The documents were obtained from a group of doctors, professors and journalists who call themselves public health professionals and doctors for Transparency, who presented a freedom of Information Act Request (FOIA) with the FDA for their release, AsumeTech reported.
The first tranche of papers reveal that how of February 2021, when Pfizer’s shooting was launched out All over the world on an emergency base, the drug manufacturer had filled out more of 42,000 case reports describing in detailing nearly 160,000 adverse reactions to jab.
These reactions ranged from mild to severe and were 1,223 fatal. The majority of these case reports involved people aged between 31 and 50 in the United States.

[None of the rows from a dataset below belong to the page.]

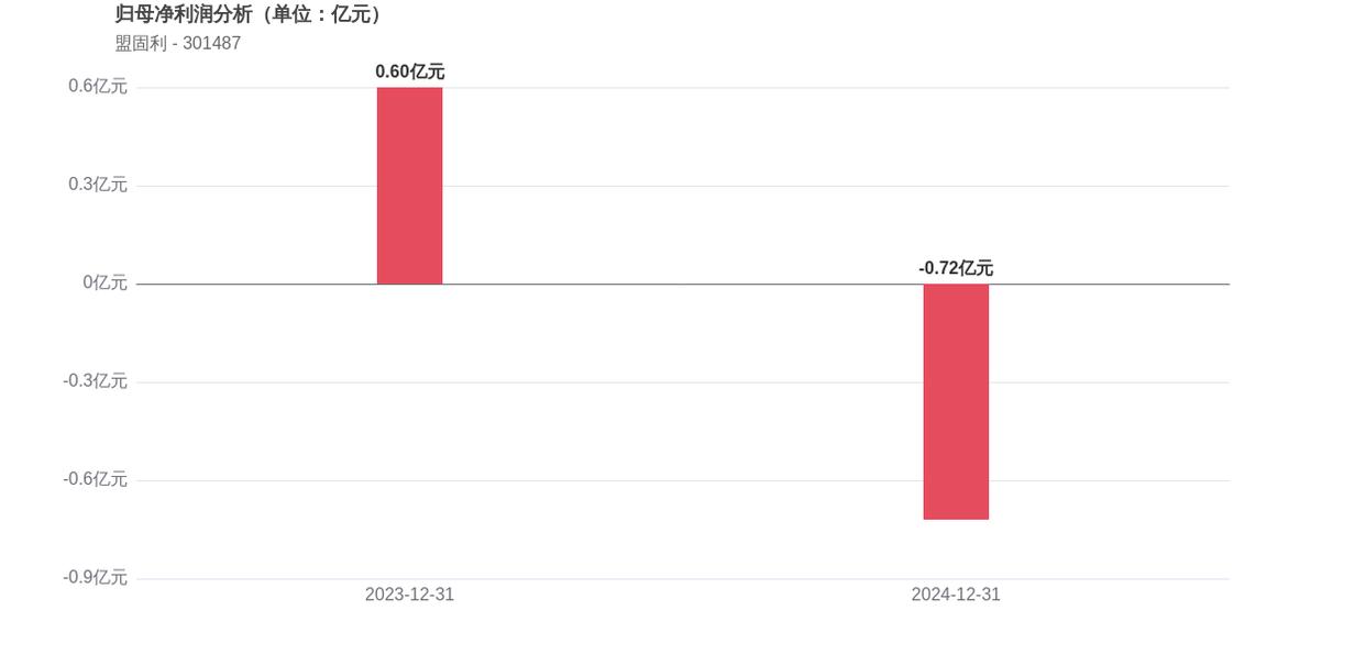 盟固利上市的2023年,当年实现归母净利润0.60亿元。截至最新完整财年的2024年,公司实现-0.72亿元的归母净利润,近年累计下降了219.43%。这2年间,盟固利有1年出现亏损。
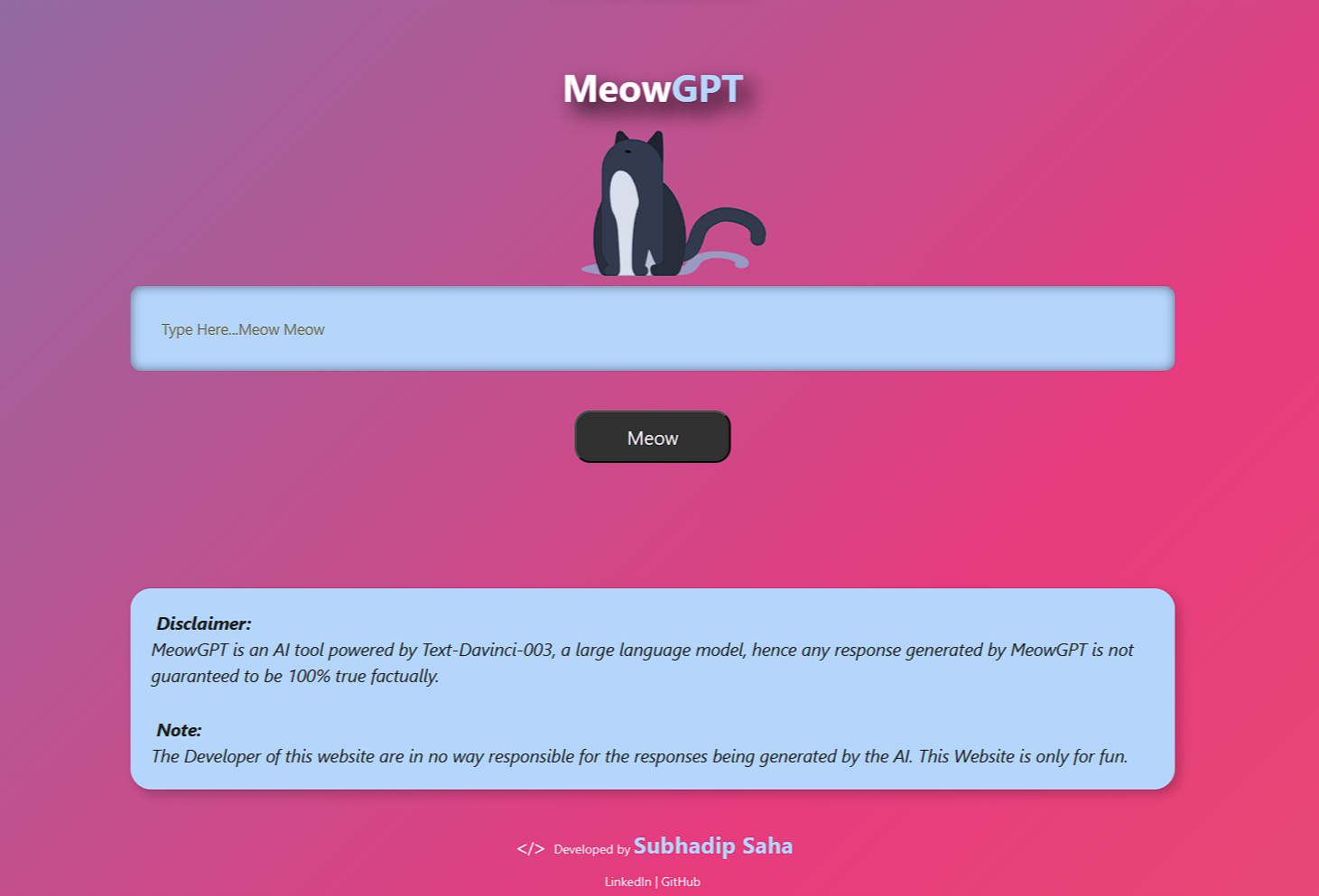 MeowGPT is a GPT based chatbot made with Flask which mimics like a cat. It is made for fun. MEOW.
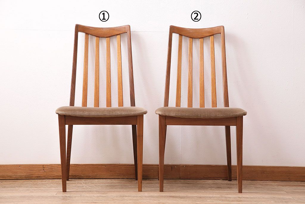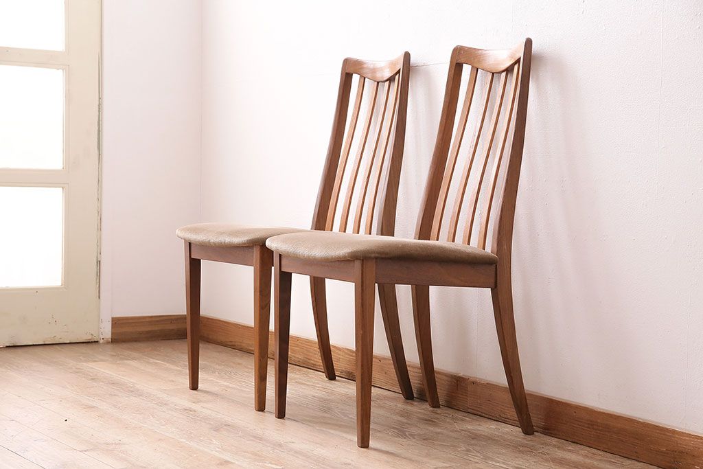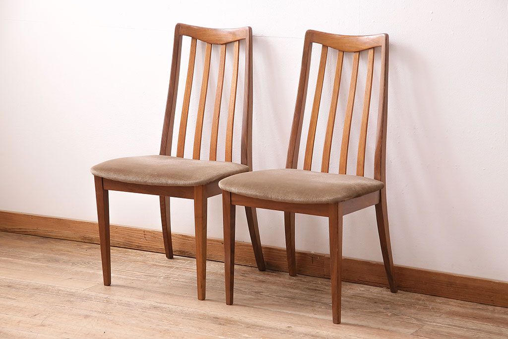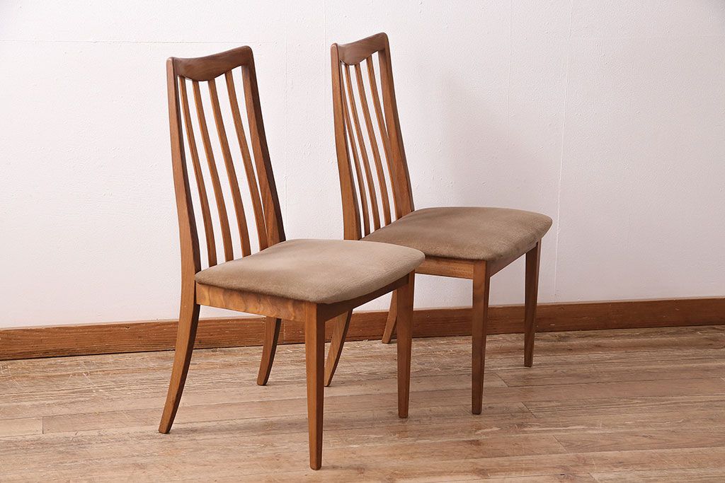 イギリスヴィンテージ G-PLAN(ジープラン) 北欧テイストの心安らぐ空間づくりにおすすめなチーク材製チェア2脚セット(ダイニングチェア、椅子)(R-047803)です。
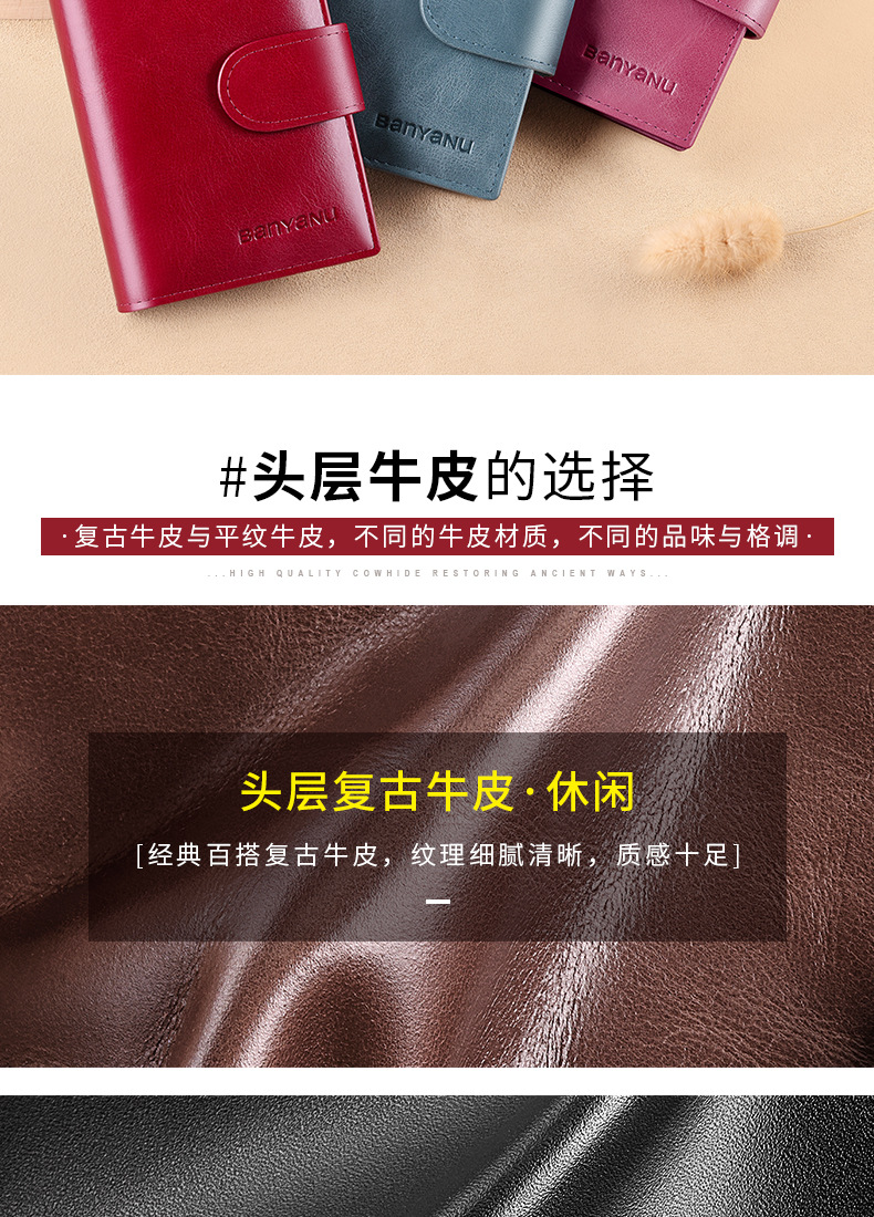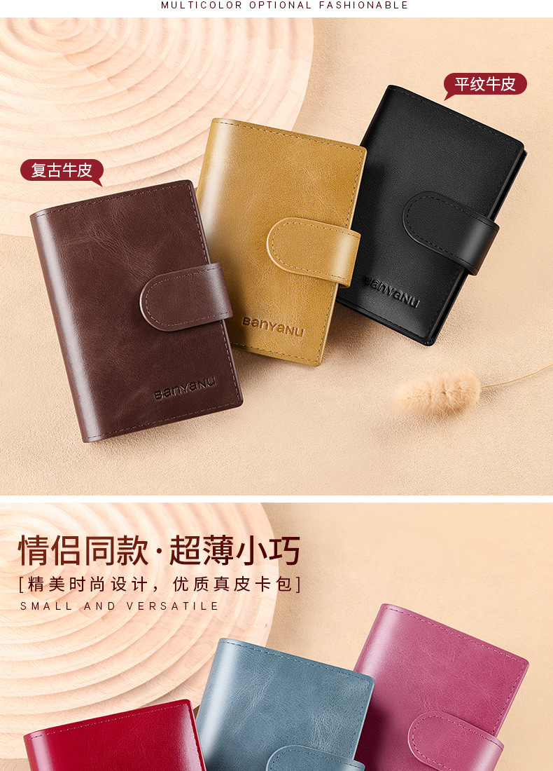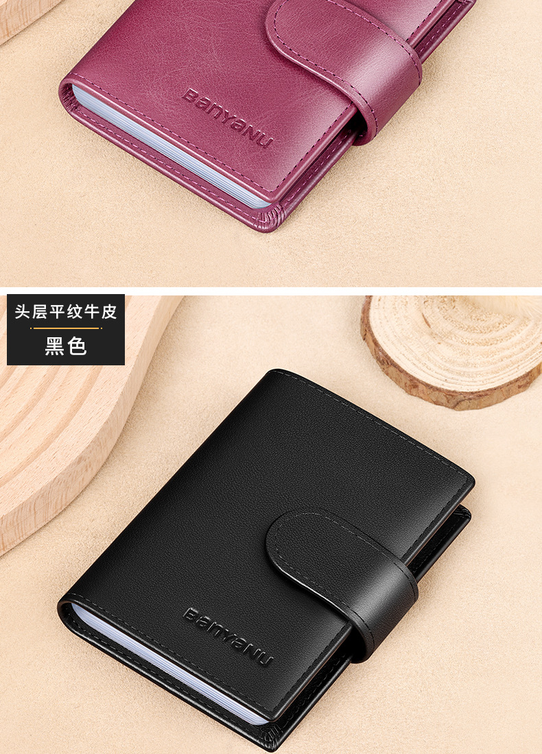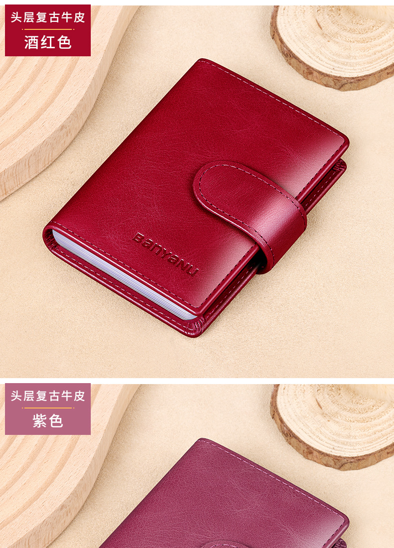 burgundy-24 card position (first layer cowhide) anti-theft swiping
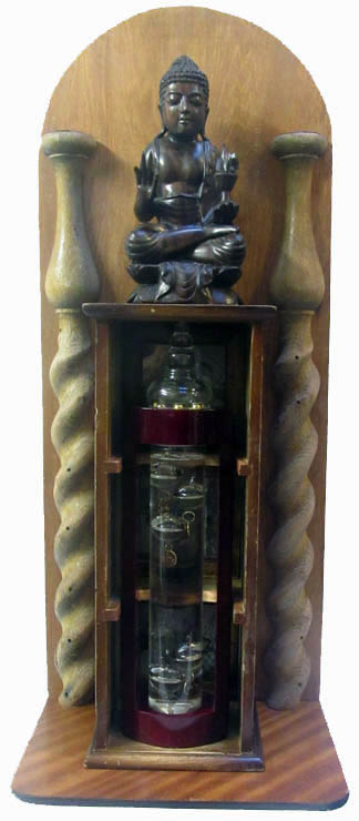 Buddhist carved figure, thermometer with floating glass bubbles

More than 25,000 nervous system disturbances have been reported, together with 17,000 musculoskeletal and connective tissue disorders and 14,000 gastrointestinal disorders. A range of Several autoimmune conditions have been reported together with some peculiar diseases, including 270 “Spontaneous abortions”, and accidents of herpes, epilepsy, heart failure and blows, among thousands of others.
These side effects were previously known, and have all been logged on the Centers for Disease Control and Prevention’s Vaccine Adverse Event Reporting System (VAERS) database, which as of Sunday has tracked 3,300 deaths following vaccination with Pfizer’s vaccine, a figure broadly in keeping with the company’s own data.
Critics say that some of these deaths cannot be conclusively linked to vaccination, while others argue that the true number of deaths and adverse effects is underreported.
Critically, Pfizer’s documents were used by the FDA to declare the company’s jab safe, which it did for Americans aged 16 and older in August. It has since been approved for children as young as five, and booster doses for people aged 16 and up were approved last week.
The FDA says it may take until 2096 to release all 451,000 pages it used to approve Pfizer’s vaccine.
In the face of the more transmissible and apparently more vaccine-resistant Omicron strain of the coronavirus, the US government has continued to tout vaccination as key to defeating COVID-19. So too has Pfizer CEO Albert Bourla, who said on Wednesday that a fourth shot of his company’s vaccine may be needed to keep immunity levels up.
With one South African study showing Pfizer’s vaccine up to 40 times less effective against Omicron than previous variants, the company says it could have an Omicron-specific vaccine on the market by March 2022.